▸ **Record extracts**
>>>>

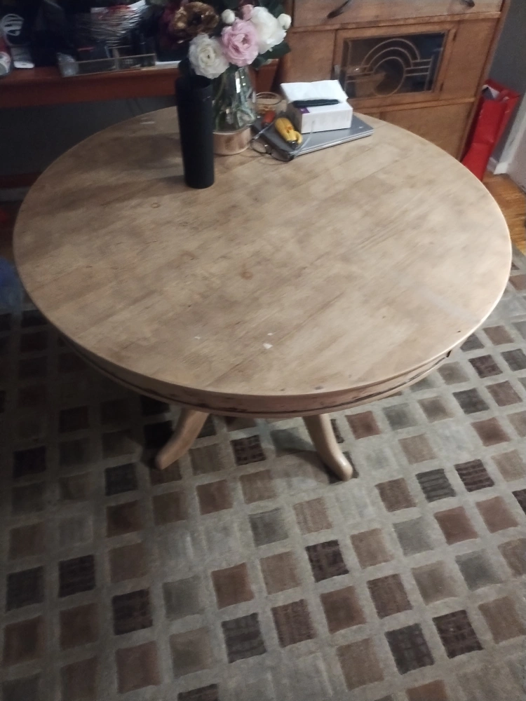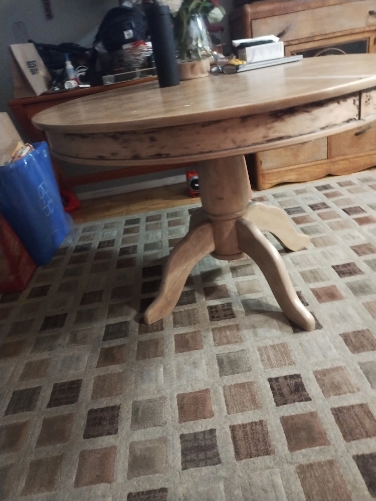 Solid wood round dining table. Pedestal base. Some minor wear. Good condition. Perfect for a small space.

<<<<
>>>>

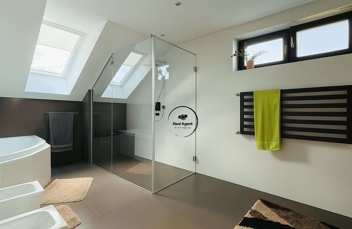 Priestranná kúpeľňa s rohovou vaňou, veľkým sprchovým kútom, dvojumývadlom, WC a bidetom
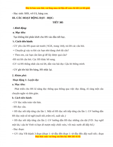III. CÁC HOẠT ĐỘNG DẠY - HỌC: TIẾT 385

<<<<
>>>>

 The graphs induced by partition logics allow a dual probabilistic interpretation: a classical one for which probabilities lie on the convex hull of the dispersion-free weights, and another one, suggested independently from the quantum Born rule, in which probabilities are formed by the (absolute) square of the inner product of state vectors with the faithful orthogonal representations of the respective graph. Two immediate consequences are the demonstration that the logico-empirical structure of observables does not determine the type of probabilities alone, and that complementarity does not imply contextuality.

<<<<

▸ **What you have to do**
In the listing above, find the line containing "Priestranná kúpeľňa s". Output it and every line after it up to and including the line containing "III. CÁC HOẠT ĐỘNG DẠY - HỌC: TIẾT 385", exactly, but skip the pictures.

▸ **Your solution**
 Priestranná kúpeľňa s rohovou vaňou, veľkým sprchovým kútom, dvojumývadlom, WC a bidetom
III. CÁC HOẠT ĐỘNG DẠY - HỌC: TIẾT 385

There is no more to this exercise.